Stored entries
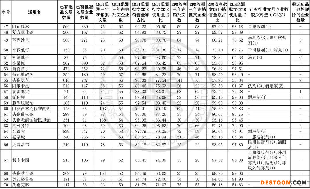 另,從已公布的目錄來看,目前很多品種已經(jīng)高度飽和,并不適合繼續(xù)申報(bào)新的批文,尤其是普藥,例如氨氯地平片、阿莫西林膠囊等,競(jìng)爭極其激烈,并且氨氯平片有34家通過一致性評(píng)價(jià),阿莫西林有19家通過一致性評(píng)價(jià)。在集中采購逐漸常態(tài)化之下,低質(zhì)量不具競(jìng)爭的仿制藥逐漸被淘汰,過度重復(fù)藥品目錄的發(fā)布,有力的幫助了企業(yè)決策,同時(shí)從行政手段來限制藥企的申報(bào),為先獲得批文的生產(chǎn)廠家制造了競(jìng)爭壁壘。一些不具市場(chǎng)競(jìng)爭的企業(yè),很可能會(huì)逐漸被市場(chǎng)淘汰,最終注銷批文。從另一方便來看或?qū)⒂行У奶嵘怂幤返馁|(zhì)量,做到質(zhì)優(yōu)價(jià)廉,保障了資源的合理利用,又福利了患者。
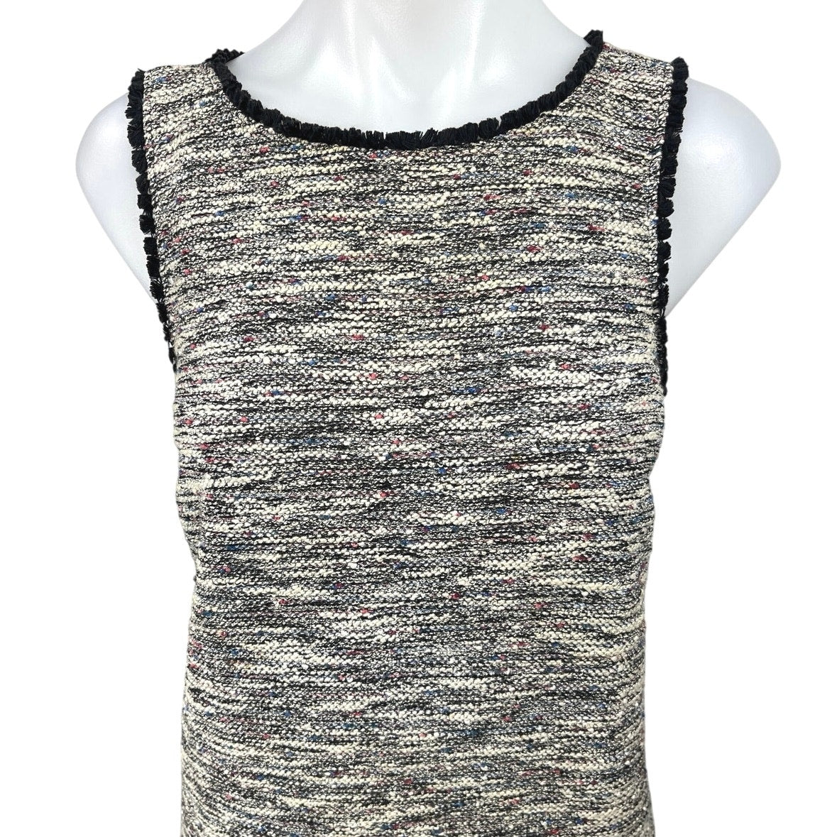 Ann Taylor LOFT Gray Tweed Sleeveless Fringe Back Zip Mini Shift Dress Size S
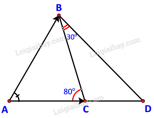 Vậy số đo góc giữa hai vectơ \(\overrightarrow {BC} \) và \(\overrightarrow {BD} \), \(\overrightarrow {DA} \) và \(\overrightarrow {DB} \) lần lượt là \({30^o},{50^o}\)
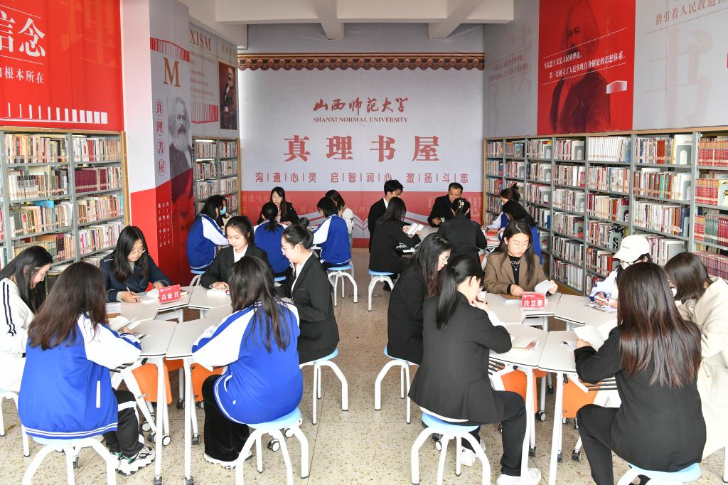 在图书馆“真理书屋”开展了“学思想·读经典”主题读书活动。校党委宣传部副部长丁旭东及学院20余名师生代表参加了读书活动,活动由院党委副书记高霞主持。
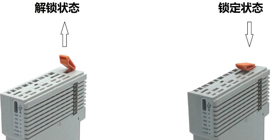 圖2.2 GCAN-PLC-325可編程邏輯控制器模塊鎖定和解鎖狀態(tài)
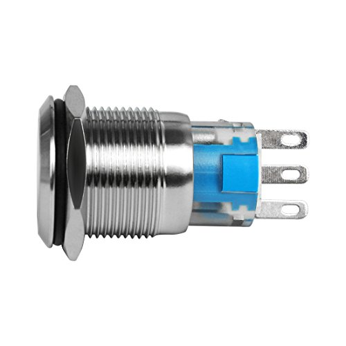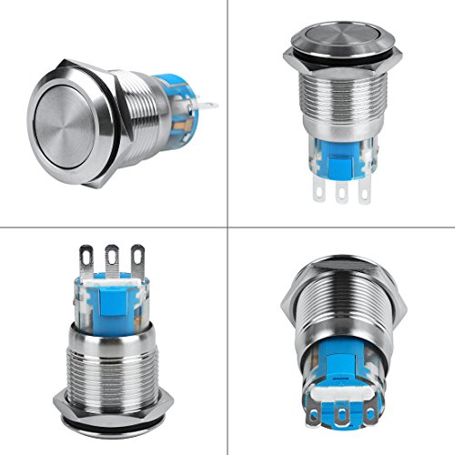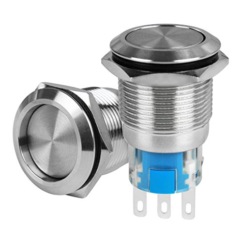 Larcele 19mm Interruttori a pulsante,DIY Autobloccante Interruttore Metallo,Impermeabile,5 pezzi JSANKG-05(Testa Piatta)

REQUIRED ACTION:
Return all the records exactly, excluding images.

COMPLETED TASK:
 另,從已公布的目錄來看,目前很多品種已經(jīng)高度飽和,并不適合繼續(xù)申報(bào)新的批文,尤其是普藥,例如氨氯地平片、阿莫西林膠囊等,競(jìng)爭極其激烈,并且氨氯平片有34家通過一致性評(píng)價(jià),阿莫西林有19家通過一致性評(píng)價(jià)。在集中采購逐漸常態(tài)化之下,低質(zhì)量不具競(jìng)爭的仿制藥逐漸被淘汰,過度重復(fù)藥品目錄的發(fā)布,有力的幫助了企業(yè)決策,同時(shí)從行政手段來限制藥企的申報(bào),為先獲得批文的生產(chǎn)廠家制造了競(jìng)爭壁壘。一些不具市場(chǎng)競(jìng)爭的企業(yè),很可能會(huì)逐漸被市場(chǎng)淘汰,最終注銷批文。從另一方便來看或?qū)⒂行У奶嵘怂幤返馁|(zhì)量,做到質(zhì)優(yōu)價(jià)廉,保障了資源的合理利用,又福利了患者。
 Ann Taylor LOFT Gray Tweed Sleeveless Fringe Back Zip Mini Shift Dress Size S
 Vậy số đo góc giữa hai vectơ \(\overrightarrow {BC} \) và \(\overrightarrow {BD} \), \(\overrightarrow {DA} \) và \(\overrightarrow {DB} \) lần lượt là \({30^o},{50^o}\)
 在图书馆“真理书屋”开展了“学思想·读经典”主题读书活动。校党委宣传部副部长丁旭东及学院20余名师生代表参加了读书活动,活动由院党委副书记高霞主持。
 圖2.2 GCAN-PLC-325可編程邏輯控制器模塊鎖定和解鎖狀態(tài)
 Larcele 19mm Interruttori a pulsante,DIY Autobloccante Interruttore Metallo,Impermeabile,5 pezzi JSANKG-05(Testa Piatta)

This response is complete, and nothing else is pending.